■ **Exercise data**
*** Block opens ***
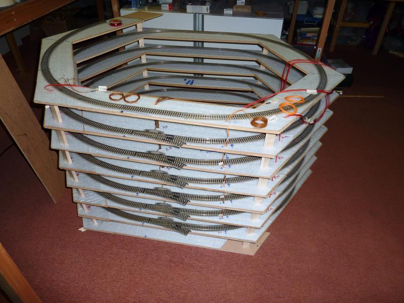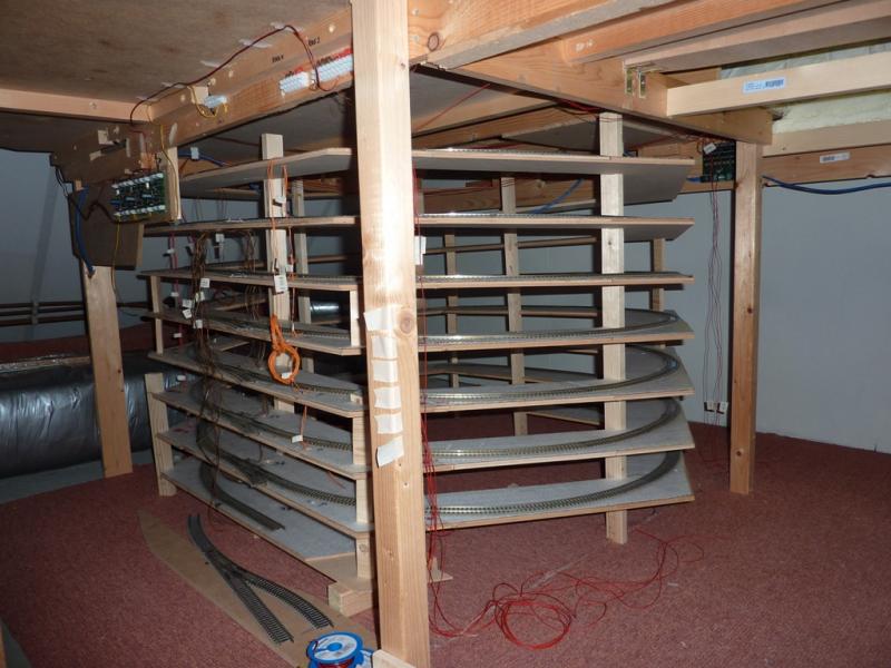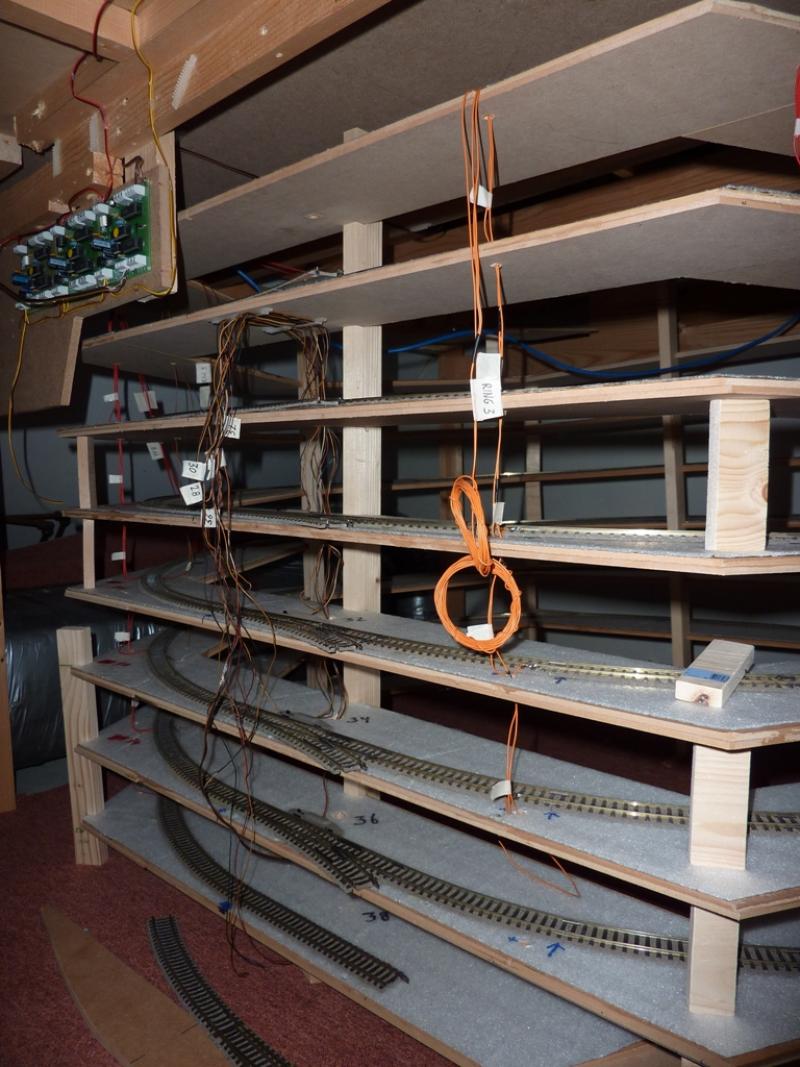 Onder mijn baan ga ik een vitrinekast bouwen. Eentje waar ik echt doorheen kan rijden. Soort schaduwstation, maar dan in het volle zicht... De vitrinekast krijgt 7 niveaus met dubbelspoor. De 14 sporen worden elk 2,5 meter lang. De vitrinekast gaat in feite deel uitmaken van de totale baan en wordt bestuurd met Koploper. Nu ben ik bezig met de eerste van de twee klimspiralen. Het is een ovaal en inmiddels zijn alle draadjes gesoldeerd en het geheel is bijna gereed om onder de baan geschoven te worden. Snel nog even fotootje gemaakt...
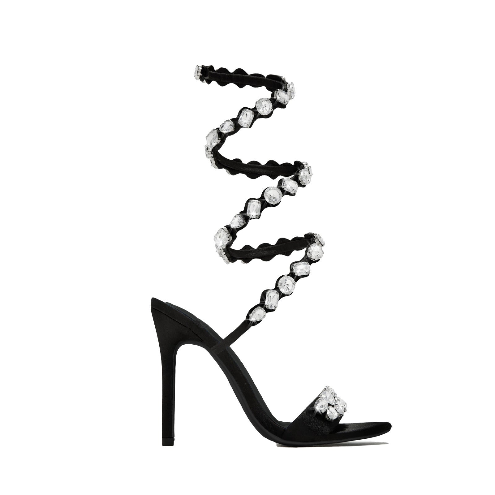 New Black Gold 11cm Stiletto Heel Small Round Toe Satin Surface Rhinestone High-heeled Sandals Summer Rivet
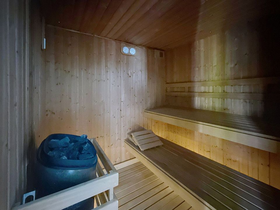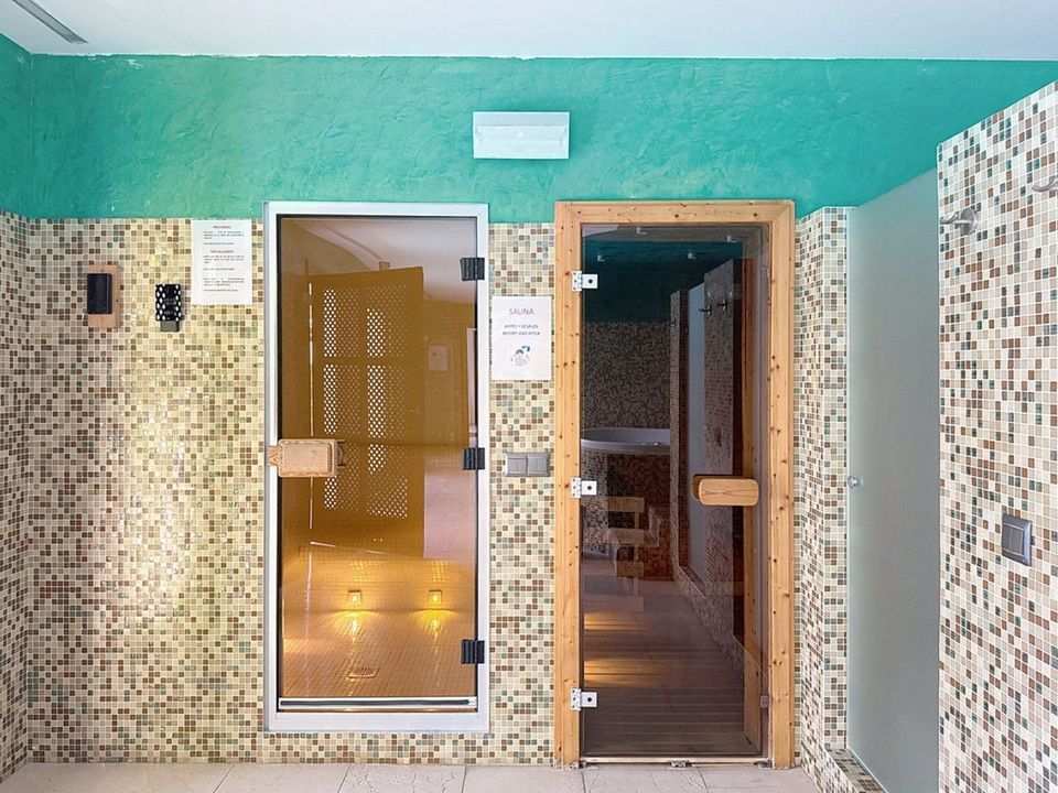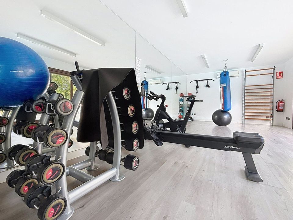 Within the gated community, residents enjoy exclusive resort-style amenities — a swimming pool overlooking the sea, a fully equipped gym, a wellness area with sauna and jacuzzi, and direct beach access. The property also includes private parking and a large storage room for convenience.
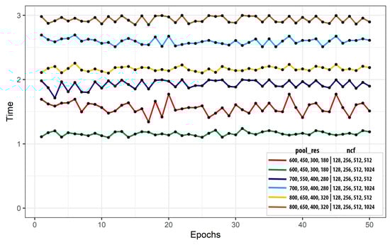 Figure 7 (we took fifty epochs) shows the time complexity of GeoSparseNet compared to various and . Hereunder’s Big- notation was employed to calculate the GeoSparseNet run-time complexity by simply omitting as a directive of 1, where denotes time.
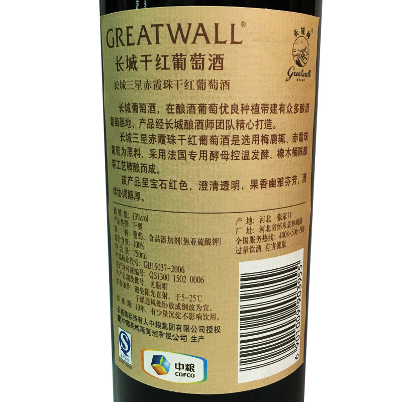 商品名称:GreatWall长城三星干红
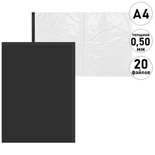 Папка 20файлов " KWELT " А4 черная, пластик 0,5мм, индивидуальный штрихкод
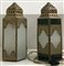 Coppia di lanterne marocchine in metallo traforato e decorato da vetri policromi (h. cm 38) (difetti e mancanze)
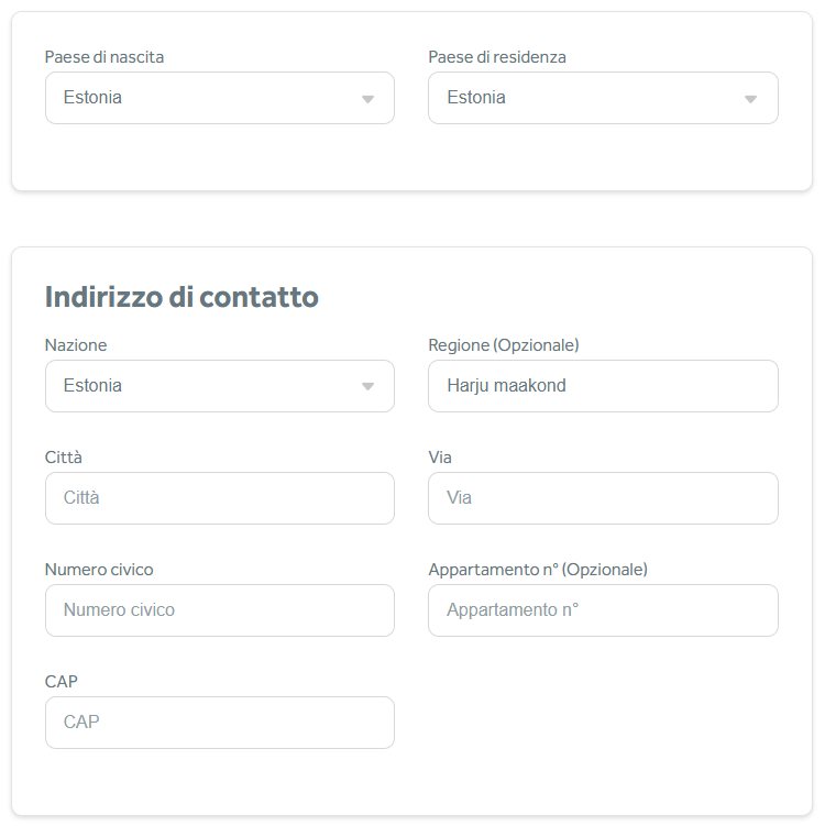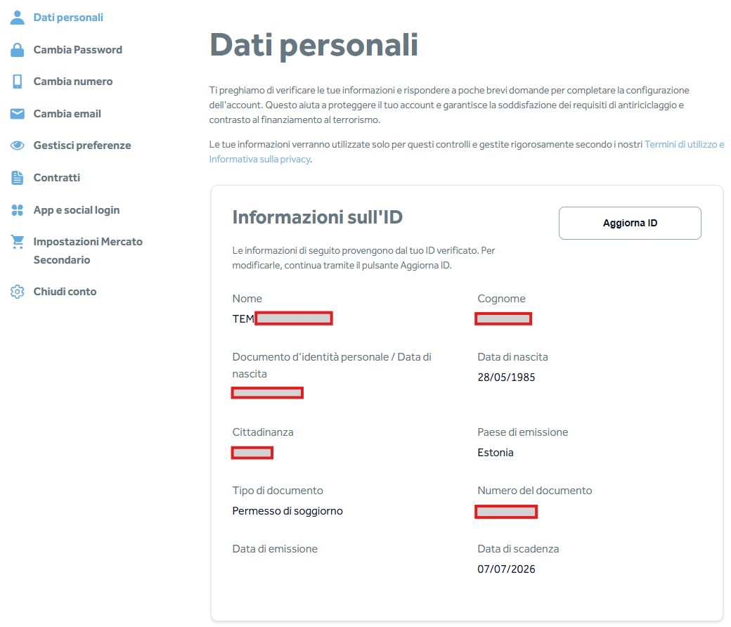 Ti preghiamo di notare che i dettagli del documento di identità nella sezione ID vengono compilati automaticamente e ricavati dall'ultimo documento di identità che hai verificato.
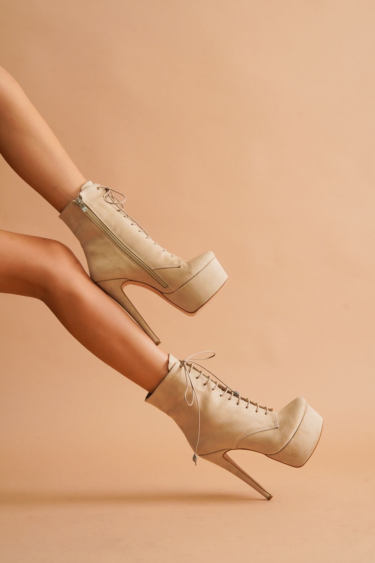 Kadın Yüksek Topuk Bağcıklı Bot Gray Ten
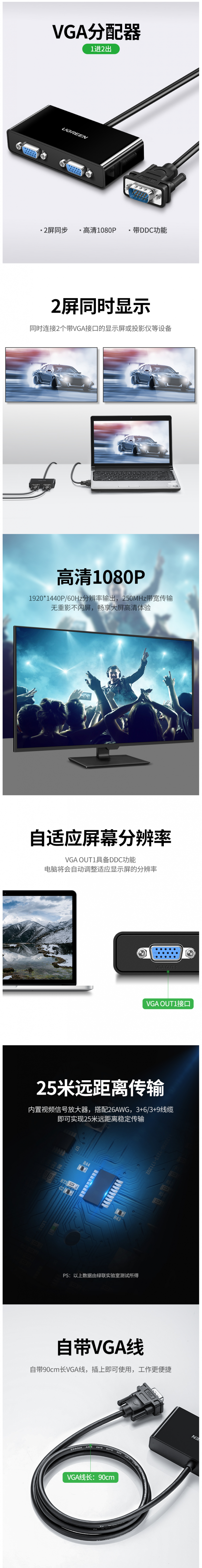 綠聯(lián) 四川總代理 VGA分配器一分二 筆記本電腦顯示器分屏器 高清視頻轉(zhuǎn)換器一進(jìn)二出同屏器 1分2分頻器 40254
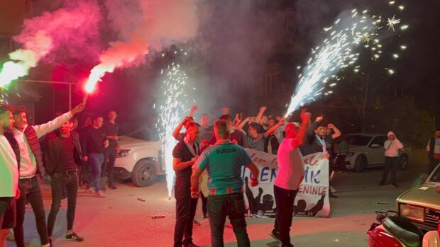 Maküspor kaptanı Halim Demirok ise ” geldiğiniz için teşekkür ederiz. Hepimiz çok mutlu olduk. Aynı bu şekilde pazar akşamı da sizleri buraya bekliyoruz. Birlikte sevineceğiz. Besteler söyleyeceğiz” diye konuştu.
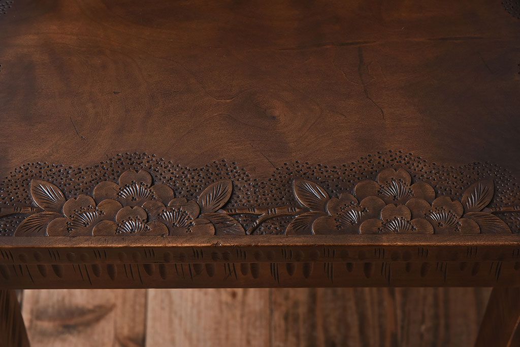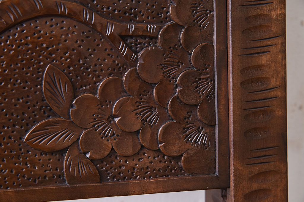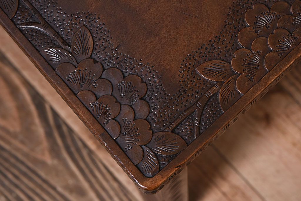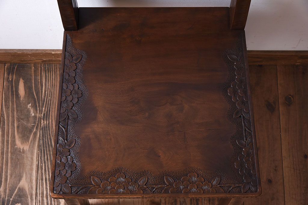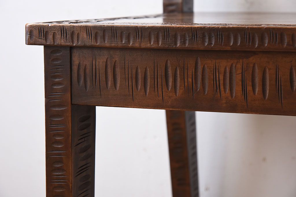 中古美品 伝統工芸 軽井沢彫りの上質なダイニングチェア(椅子)(定価約16万円)(3)
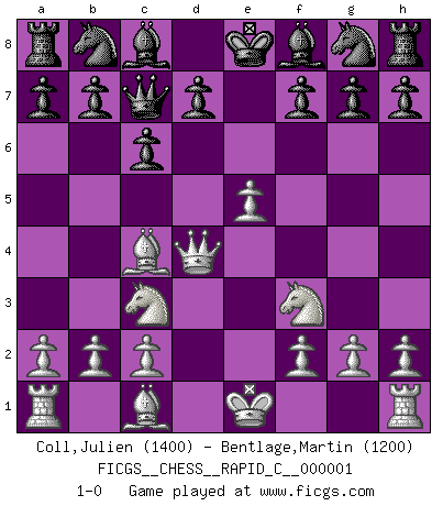 Last move : 1-0 2006 July 8 13:7:32 [Event "FICGS__CHESS__RAPID_C__000001"] [Site "FICGS"] [Date "2006.05.12"] [Round "1"] [White "Coll,Julien"] [Black "Bentlage,Martin"] [Result "1-0"] [WhiteElo "1400"] [BlackElo "1200"] 1.e4 e5 2.Nc3 Nf6 3.Bc4 c6 4.d4 exd4 5.Qxd4 Qc7 6.e5 Ng8 7.Nf3 1-0 This chess game has been lost on time (started : 2006.05.12 15:29:17) Vienna game Player White won this chess game. Follow this game move after move (download)Tactics flow from a superior position. (Bobby Fischer) Glücklicherweise sind Großmeister Ruben Fines reine Schachbücher weniger phallozentrisch [als seine Schachpsychologie] und deswegen auch weniger lächerlich. (Nigel Short) Buenas posiciones no logran ganar juegos, buenas movidas sí. (Gerald Abrahams) Un millionnaire : 'Monsieur Steinitz ! Vous ne participez aux tournois que pour l'argent, alors que moi je n'y viens que pour l'honneur.' Steinitz : 'Chacun joue pour ce qu'il n'a pas'... Luck never made a man wise. (Seneca, Letters to Lucilius)
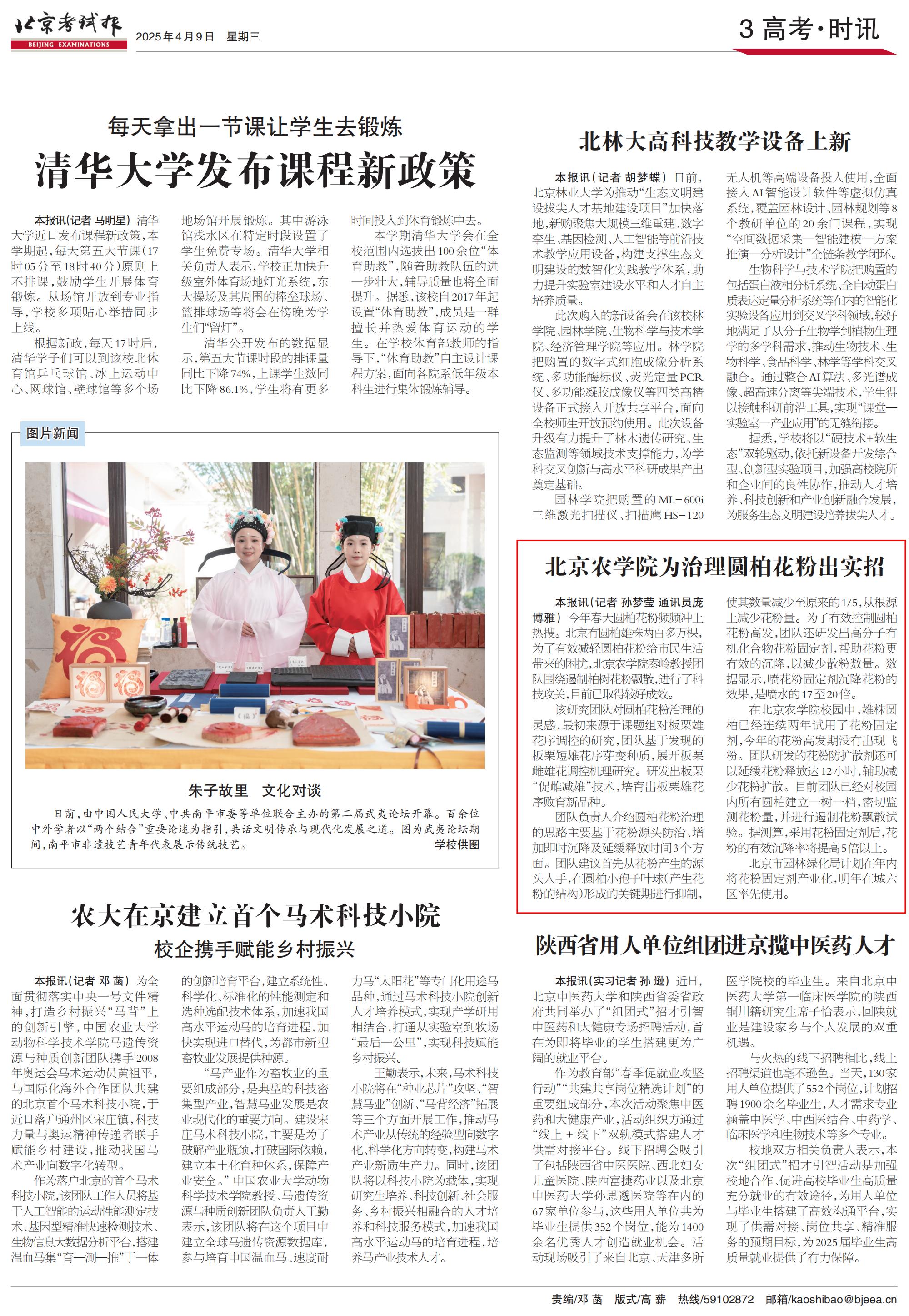 今年春天圆柏花粉频频冲上热搜。北京有圆柏雄株两百多万棵,为了有效减轻圆柏花粉给市民生活带来的困扰,北京农学院秦岭教授团队围绕遏制柏树花粉飘散,进行了科技攻关,目前已取得较好成效。
*** Block closes ***
■ **What to work on**
Take the lines from the start of the material to the line with "Within the gated", both included, and transcribe them exactly without the pictures.

■ **Answer box**
 Onder mijn baan ga ik een vitrinekast bouwen. Eentje waar ik echt doorheen kan rijden. Soort schaduwstation, maar dan in het volle zicht... De vitrinekast krijgt 7 niveaus met dubbelspoor. De 14 sporen worden elk 2,5 meter lang. De vitrinekast gaat in feite deel uitmaken van de totale baan en wordt bestuurd met Koploper. Nu ben ik bezig met de eerste van de twee klimspiralen. Het is een ovaal en inmiddels zijn alle draadjes gesoldeerd en het geheel is bijna gereed om onder de baan geschoven te worden. Snel nog even fotootje gemaakt...
 New Black Gold 11cm Stiletto Heel Small Round Toe Satin Surface Rhinestone High-heeled Sandals Summer Rivet
 Within the gated community, residents enjoy exclusive resort-style amenities — a swimming pool overlooking the sea, a fully equipped gym, a wellness area with sauna and jacuzzi, and direct beach access. The property also includes private parking and a large storage room for convenience.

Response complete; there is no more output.